Gandhi's Love Letters to Hitler | thebereancall.org

TBC Staff

Gandhi's Love Letters to Hitler       

On September 25, five American religious organizations [hosted] a Ramadan dinner for Iranian President Mahmoud Ahmadinejad during his upcoming visit to the United States. These include the Mennonite Central Committee, the Quakers, the World Council of Churches, and Religions for Peace. How is it that these Christian “peace” organizations are willing to break bread with a declared warmonger and Holocaust denier? An answer lies in the troubling history of these organizations – a history that includes a shameful alliance with Nazi Germany during World War II.

The pacifist-Nazi axis dates to the 1930s. None other than the worldwide spokesman for non-violence, Mahatma Gandhi, wrote letters to Adolph Hitler that were deferential in their tone and abhorrent in their implications. A 1939 letter was apologetically described by Gandhi as a “mere impertinence” and included the following signoff: “I anticipate your forgiveness, if I have erred in writing to you. I remain, Your sincere friend, Sd. M. MK Gandhi.”

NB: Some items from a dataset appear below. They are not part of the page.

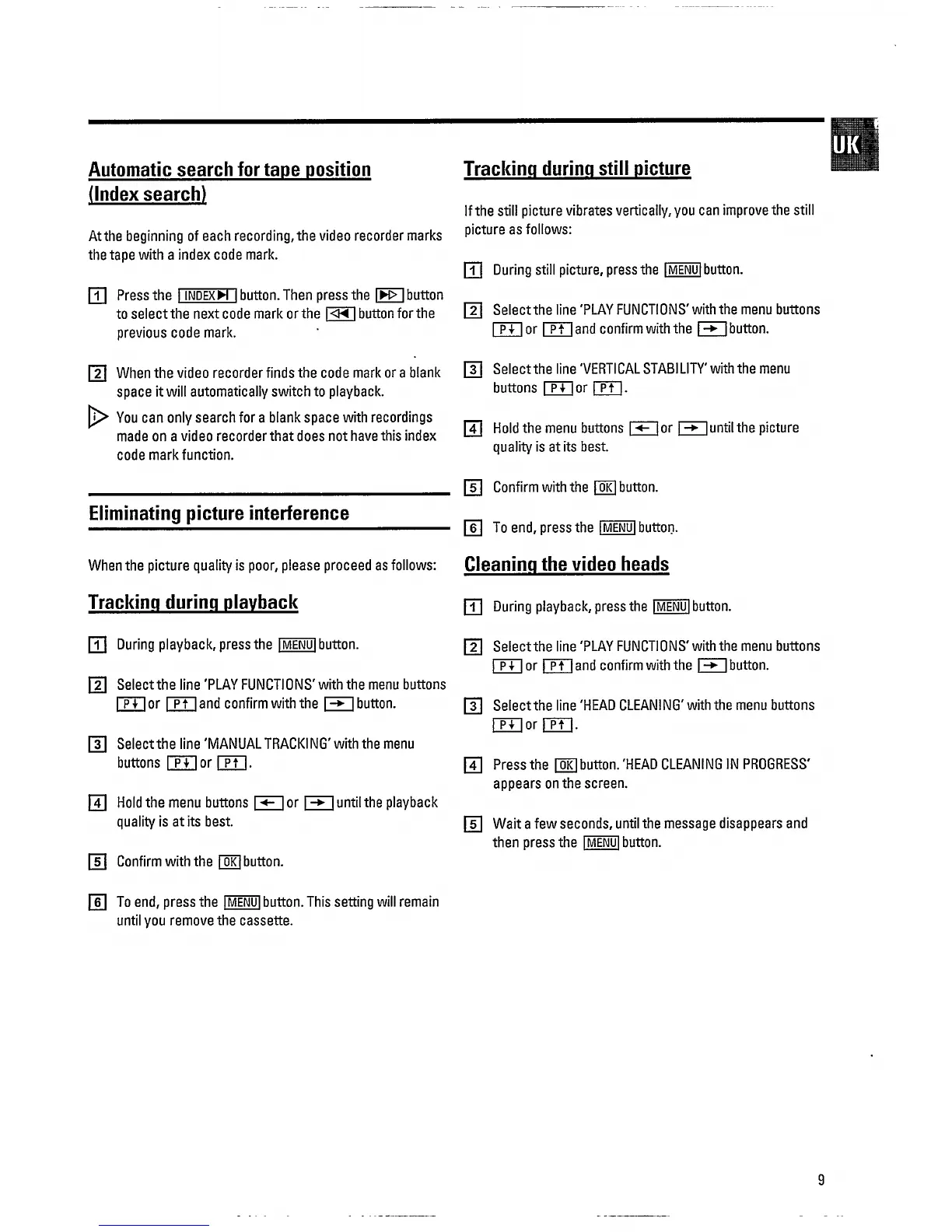 Philips VR800 - Eliminating Picture Interference; Tracking During Playback; Cleaning the Video Heads
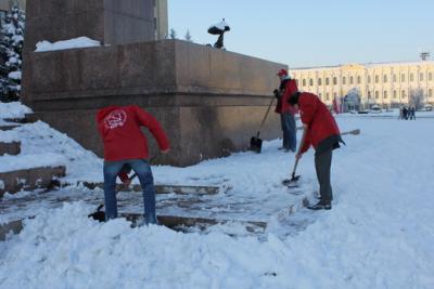20 января молодые коммунисты края провели субботник по уборке снега у памятника Владимиру Ильичу. Сегодня, 21 января в 11-00, у его подножия состоится митинг ко дню смерти вождя.
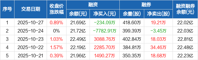 工商银行:融资净偿还234.09万元,融资余额21.69亿元(10-27)
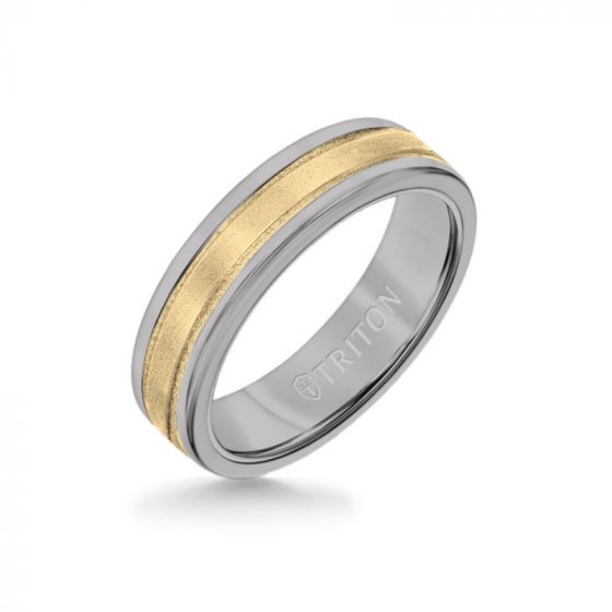 Triton 6MM Grey Tungsten Carbide Ring - Step Edge 14K Yellow Gold Insert with Round Edge
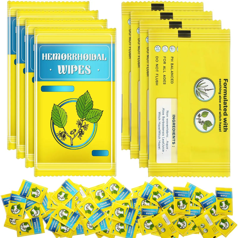 ,-Tamano portatil: estas toallitas para hemorroides desechables estan envueltas individualmente, el tamano de la bolsa es de aproximadamente 2.36 x 3.15 pulgadas, y cada toallita mide aproximadamente 5.5 x 7 pulgadas cuando esta desplegado, ligero y compacto, se puede colocar comodamente en el bolsillo o bolsa cuando salgas, adecuado para uso diario, viajes y emergencia
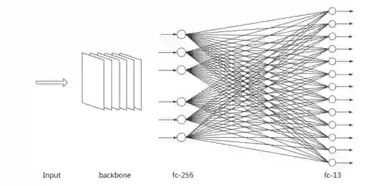 采用多种不同的 Backbone,包括 ResNet、Inception、Xception 等,后接两个 FC 层,分别为 256、13 个神经元(多隐层提升并不大),两层之间使用 BN,使用 Cross-Entropy Loss、Focal Loss 进行模型的训练。这种结构相当于构建了 Multi-task 学习,比起每个标签单独训练模型而言,速度更快,且精度更高。
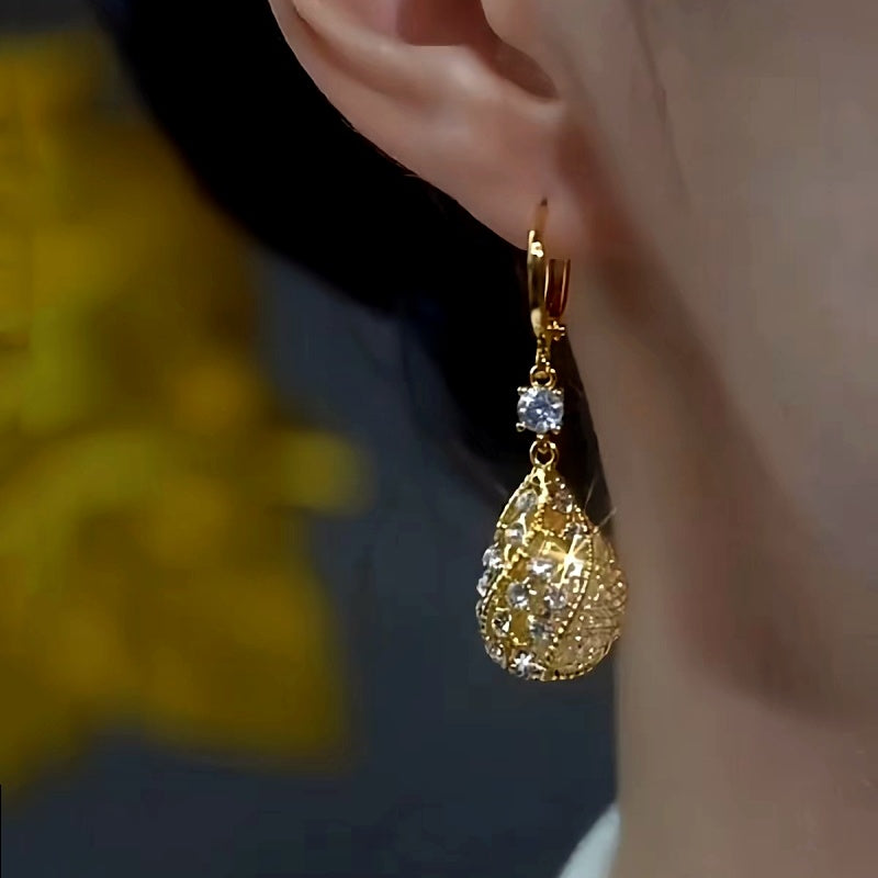 14K Gold-Plated Luxury Diamond Drop Earrings

In a letter dated December 24, 1940, Gandhi assured Hitler that he had no doubt of “your bravery or devotion to your fatherland.” Zionist appeals for Gandhi to support a national home for the Jewish people, meanwhile, fell on deaf ears, as he insisted that “Palestine belongs to the Arabs.” Not only did Gandhi reject the cause of a Jewish state but he effectively echoed Nazi propaganda, as with his warning that “this cry for the national home affords a colorable justification for the German expulsion of the Jews.”

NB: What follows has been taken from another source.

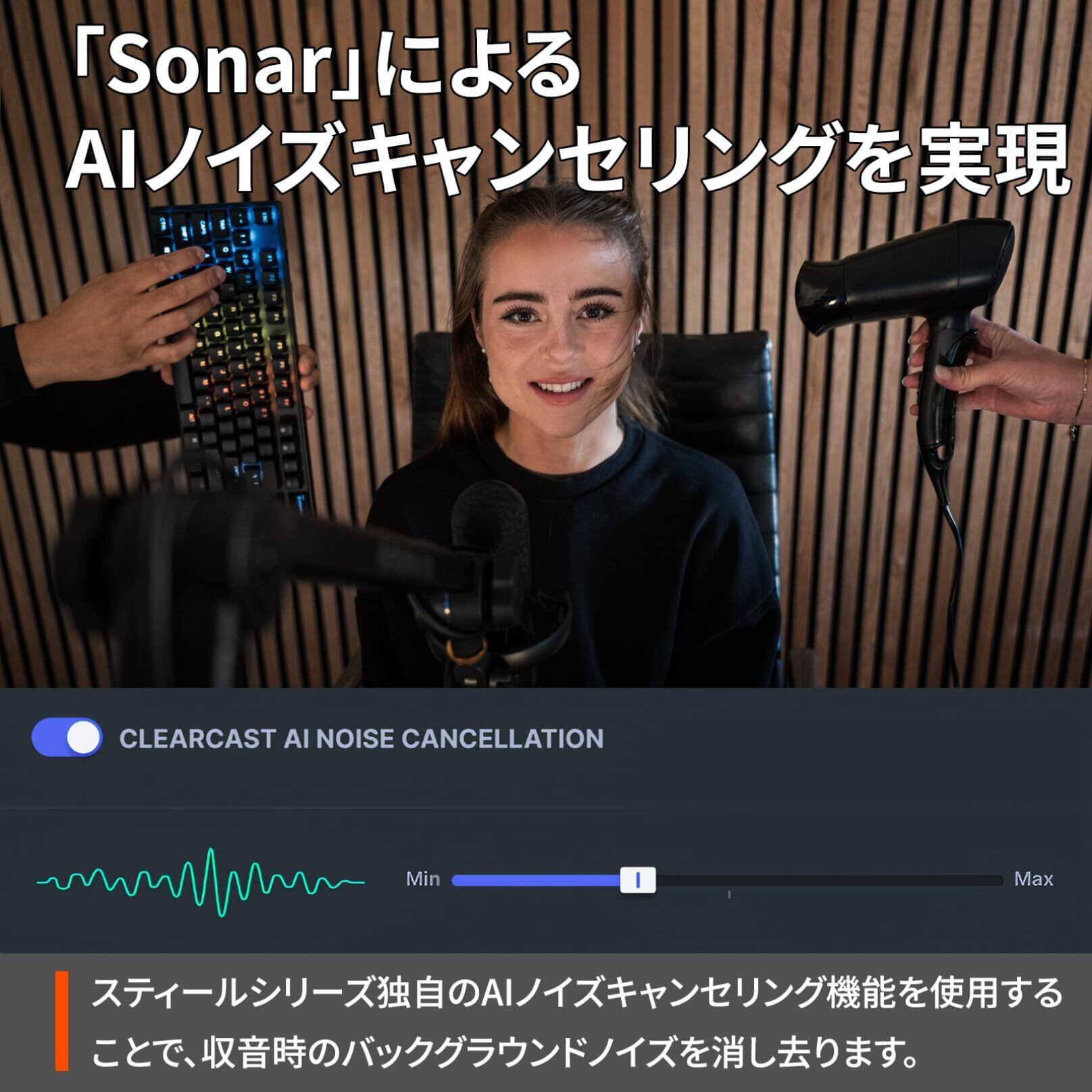 【SONARによりスタジオ品質の配信が可能】独自ソフトウェアSONARを使用することで、それぞれのメディアの細かな音量調整やミキシングが可能です。バッググラウンドで流れる音楽の上げ下げや、ゲーム音やチャットオンの調整なども簡単に行えます。また、スティールシリーズ独自のAIノイズキャンセリング機能を使用することで、収音時のバックグラウンドノイズを消し去ります。

Even more supportive of Hitler were the Mennonites. In a letter dated September 10, 1933, the Conference of East and West Prussian Mennonites from the German city-state of Danzig wrote to the Fuhrer to express its “deep gratitude for the powerful revival that God has given our nation through your energy” and wished Hitler a “joyful cooperation in the up building of our Fatherland through the power of the Gospel.” If its enthusiasm for hosting Ahmadinejad is any guide, the Mennonite Church has learned little from this dark chapter in its past. On the contrary, the church’s alliance with the Iranian leader is an extension of its hard-line anti-Israel politics, which find expression in its funding of books advocating the so-called “right-of-return” for Palestinian Arabs – a policy that, if implemented, would mean the destruction of Israel.